WHAT IS REQUIRED >>
Nothing but the lines from the first line of the records through the line with "正面に鴛泊港を見渡す展望台で" should be output, exactly as written and free of pictures.

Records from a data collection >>
--------------------------------------------------
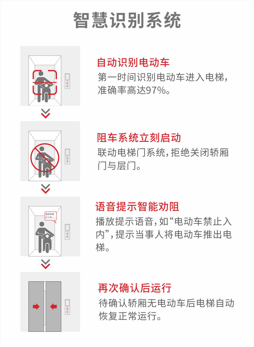 火患猛于虎,電動(dòng)自行車禁止入樓入戶,這不僅是對(duì)自己,也是對(duì)別人的生命負(fù)責(zé)。電動(dòng)車一旦自燃著火,不僅溫度急速提升,同時(shí)還會(huì)伴隨大量有毒濃煙,極易引發(fā)傷亡事故?,F(xiàn)在全國(guó)各地都在嚴(yán)抓的同時(shí),還建議為電梯安裝“智慧識(shí)別系統(tǒng)”,可作為保障業(yè)主生命財(cái)產(chǎn)安全的又一道堅(jiān)固防線。
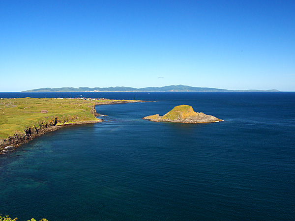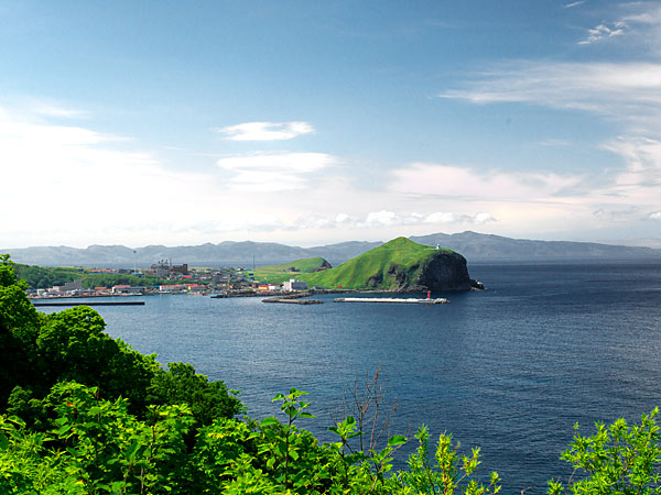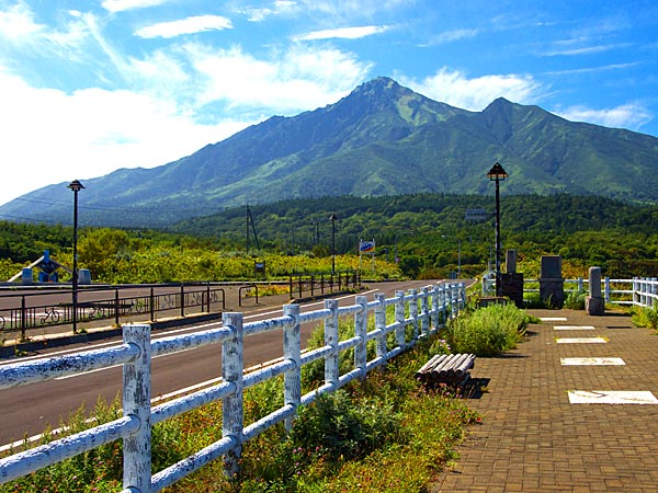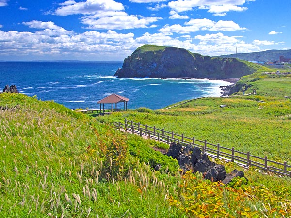 正面に鴛泊港を見渡す展望台で高級コンブのブランド利尻昆布やウニ漁の様子が間近で見られます。小砂利の浜辺が星昆布の帯で覆われるのも利尻ならではの光景。ほぼ利尻島を一周するサイクリングロードが整備され、此処が起点。
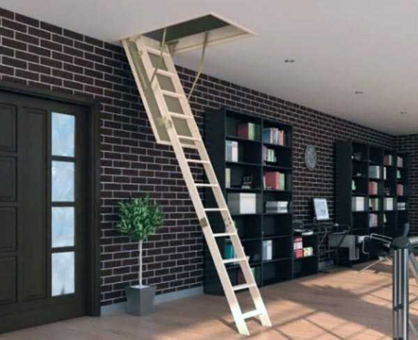 Если подниматься наверх приходится нечасто, лучше установить в загородном доме конструкцию раскладного типа. Она отлично подходит для мансарды. Ее преимуществом является возможность складывания при необходимости. Малогабаритные выдвижные модели прикрепляют к люку на потолке. Можно легко откинуть конструкцию, а затем задвинуть ее обратно. Для обслуживания чердака раскладная конструкция – идеальный вариант.
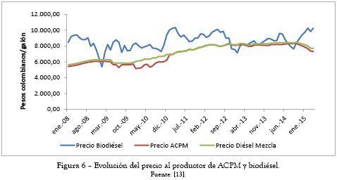 La estructura de precios del aceite combustible para motores (ACPM), con biodiésel, está basada en los costos de oportunidades de las materias primas utilizadas en la producción del biocombustible y del costo de oportunidad del ACPM, además de la garantía en la recuperación de las inversiones reglamentadas por la Resolución 181.780, de 29 de diciembre de 2005, modificada por la Resolución 180.212 del 14 de febrero de 2007 y 182.158 de 28 de diciembre de 2007. En función de estas resoluciones el precio de los biocombustibles es muy dependiente de los precios de las materias primas.
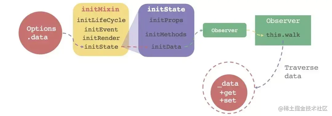 initData 方法对 options 中的 data 进行处理,主要是有两个目的
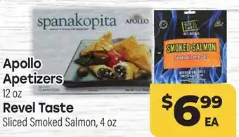 Apollo Apetizers 12 oz Revel Taste Sliced Smoked Salmon, 4 oz deal in the weekly ad of Tony’s Fresh Market
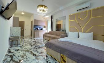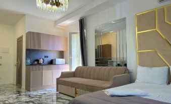 Guests can book rooms of the following categories: Standard, Superior Standard, Comfort and Suite. All of them are equipped with a wardrobe, air conditioning, TV, Wi-Fi, dining table, refrigerator, kettle, microwave and bathroom. The suites are equipped with a kitchen. Towels, slippers and cosmetics are provided.
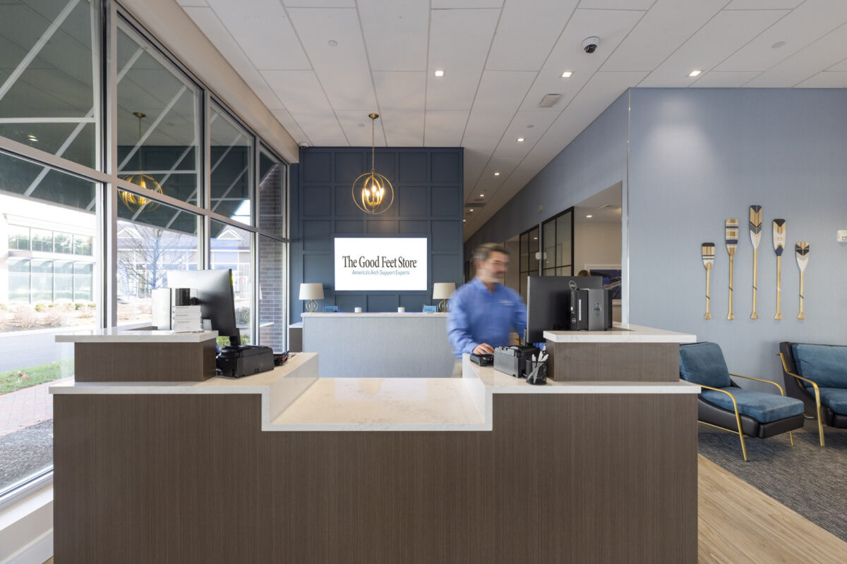 The result is a space that doesn’t just showcase product. It sets the stage for The Good Feet Store’s comprehensive arch support solutions and expert guidance, making every visit feel intentional and elevated.
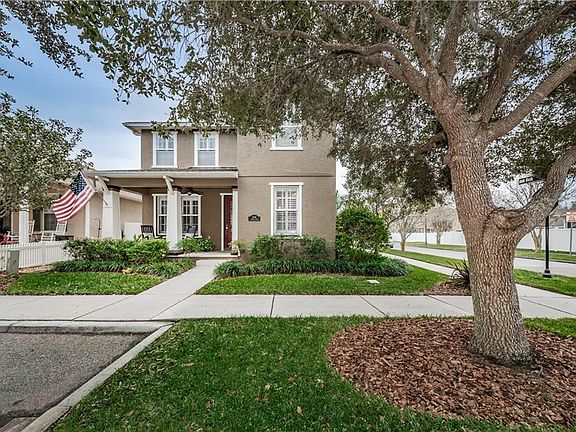 This ABSOLUTELY stunning traditional style two story 4/2.5/2 home is located in the sought after neo-traditional neighborhood of Longleaf. This gorgeous, well maintained home sits on a corner lot and the welcoming front porch has a lovely view of a village green and park. Updated spacious eat in kitchen features wood cabinetry, granite countertops, decorative backsplash, stainless steel appliances, gas stove with stainless range hood, and ceramic tile flooring. Hard wood flooring in main living areas and first floor master bedroom. Updated bathrooms with wood look ceramic tile. Second story features three spacious bedrooms with new carpet and full bath. Home has an open and bright floor plan. Plantation shutters. You will enjoy entertaining on the oversized screened in deck in the fenced in yard. Hot water heater 2018. Natural gas - range, hot water heater, and heating/cooling. Built in storage in garage. No flood insurance required. Longleaf offers a quaint downtown with restaurants and shops, town hall, heated community pool and spa, village greens, parks throughout, hike/bike trail, basketball/beach volleyball/basketball courts, full size baseball diamond, soccer nets, and more. Community events for all ages throughout the year. Pre-school and elementary school within the neighborhood. A unique and wonderful place to live. Centrally located with easy commutes to Pinellas or Hillsborough.
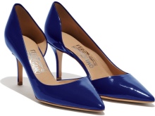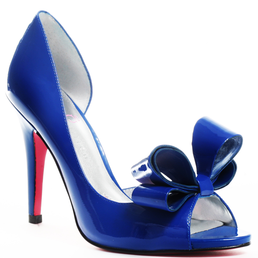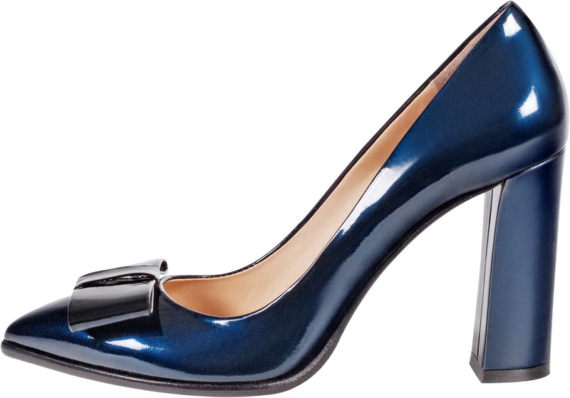 - Lacquered shoes with a medium heel designed specifically for office workers. Business look with this shoe turns charming. The model looks quite conservative, so the bow looks restrained, and the dark blue color and lacquered surface add originality and freshness.
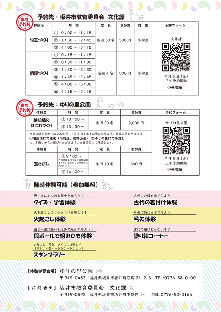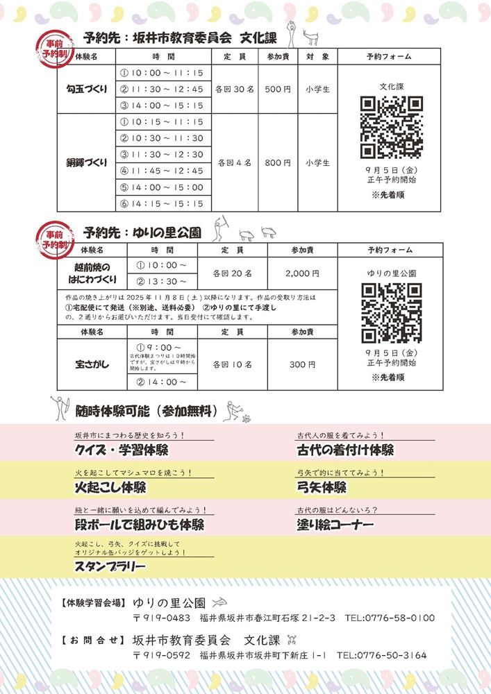 古代に生きた人々のものづくりや体験を通して、坂井市の古代の歴史を楽しく学びませんか?
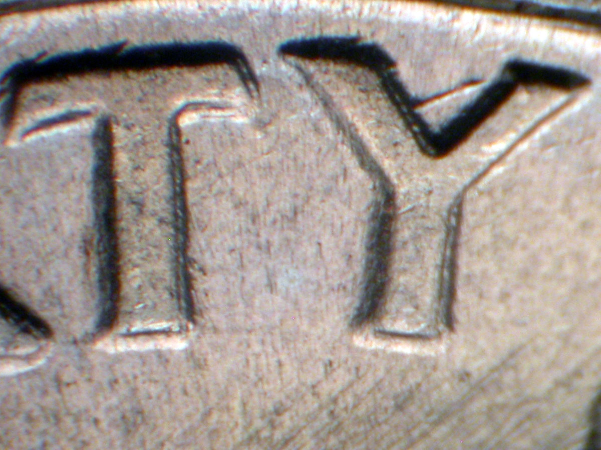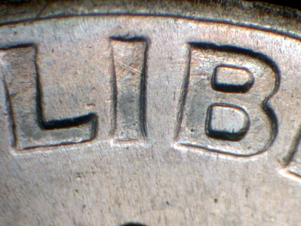 Medium spread on LIBERTY, eyelid, and profile from center-top of head to
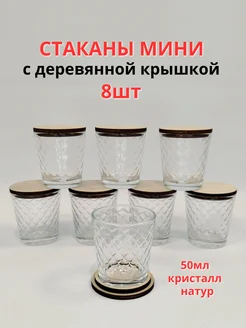 Стаканы МИНИ для свечей с деревянной крышкой 8шт. 50мл
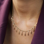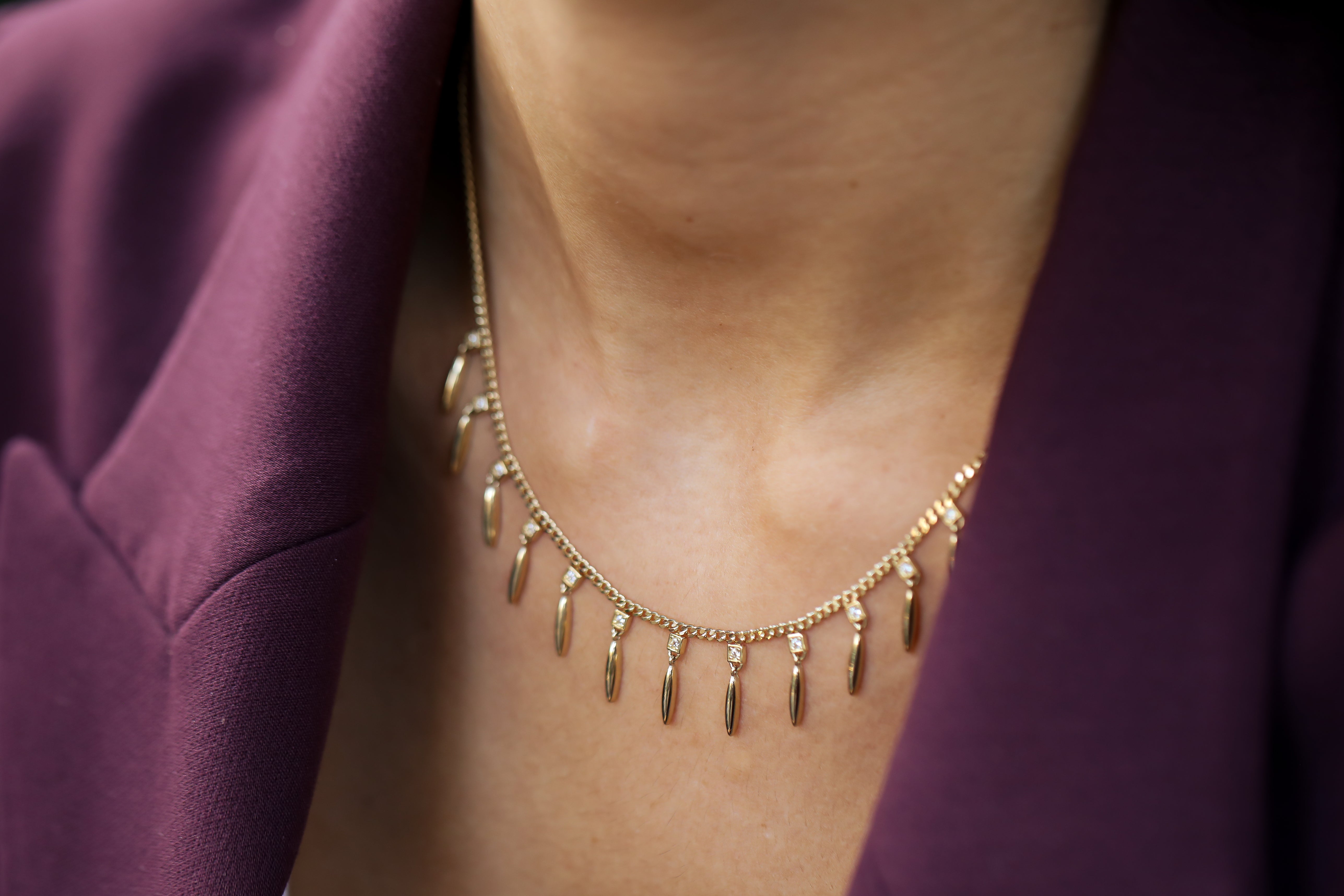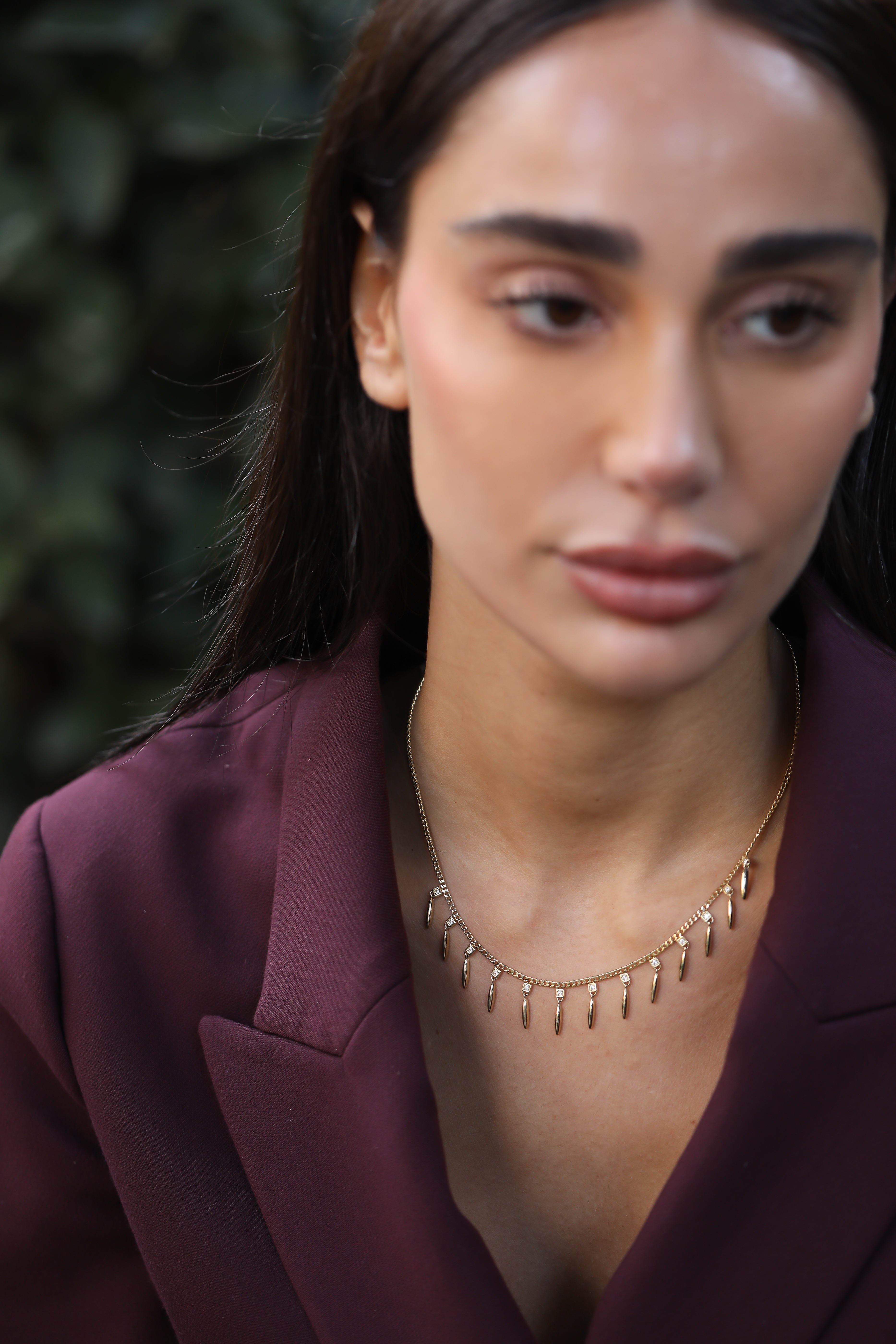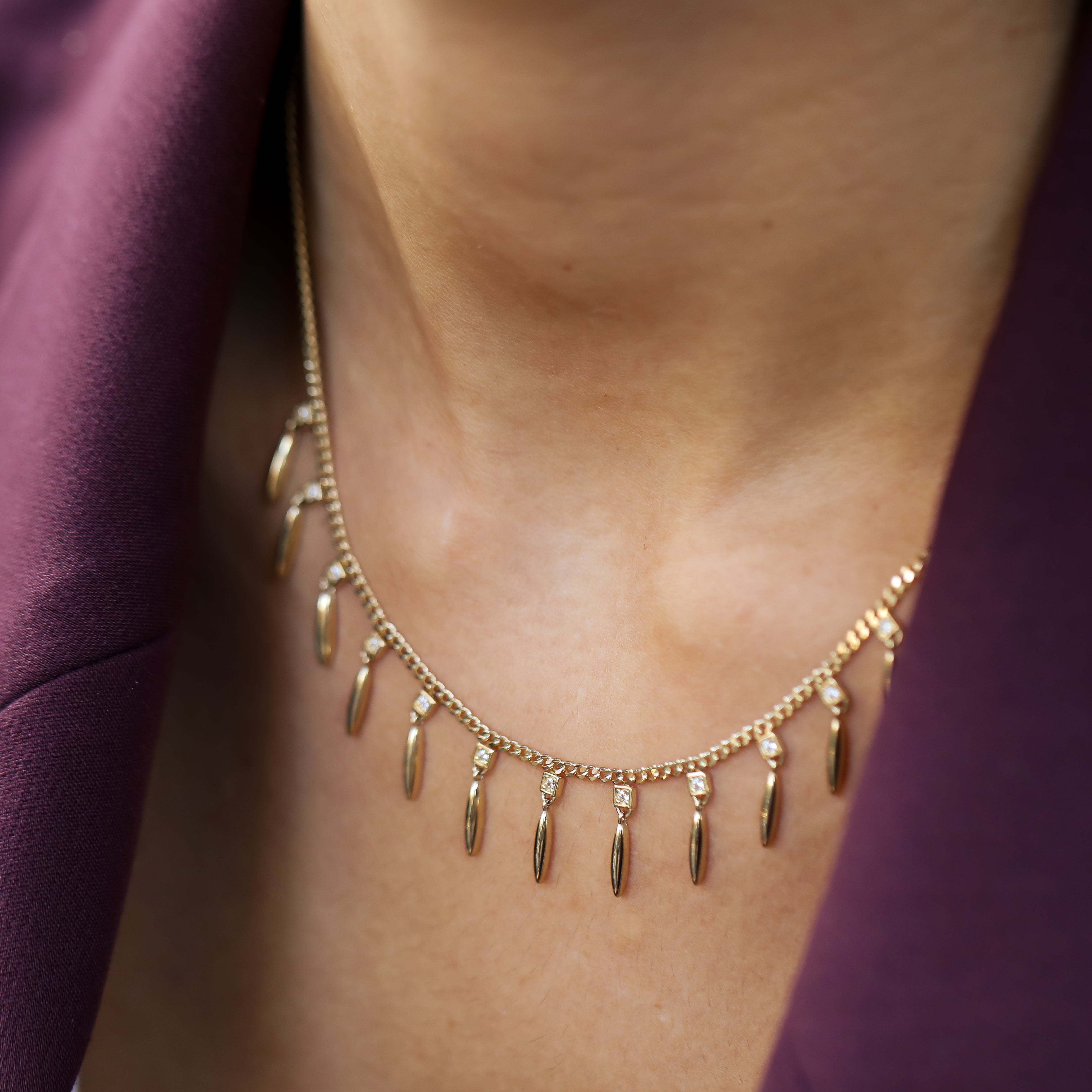 Uzun Sallantı Detaylı Kolye modeli, yaklaşık 9.98 gr ağırlığında 14 Ayar Sarı Altın kullanılarak özel olarak tasarlanmıştır.
--------------------------------------------------
RESPONSE AREA >>
 火患猛于虎,電動(dòng)自行車禁止入樓入戶,這不僅是對(duì)自己,也是對(duì)別人的生命負(fù)責(zé)。電動(dòng)車一旦自燃著火,不僅溫度急速提升,同時(shí)還會(huì)伴隨大量有毒濃煙,極易引發(fā)傷亡事故?,F(xiàn)在全國(guó)各地都在嚴(yán)抓的同時(shí),還建議為電梯安裝“智慧識(shí)別系統(tǒng)”,可作為保障業(yè)主生命財(cái)產(chǎn)安全的又一道堅(jiān)固防線。
 正面に鴛泊港を見渡す展望台で高級コンブのブランド利尻昆布やウニ漁の様子が間近で見られます。小砂利の浜辺が星昆布の帯で覆われるのも利尻ならではの光景。ほぼ利尻島を一周するサイクリングロードが整備され、此処が起点。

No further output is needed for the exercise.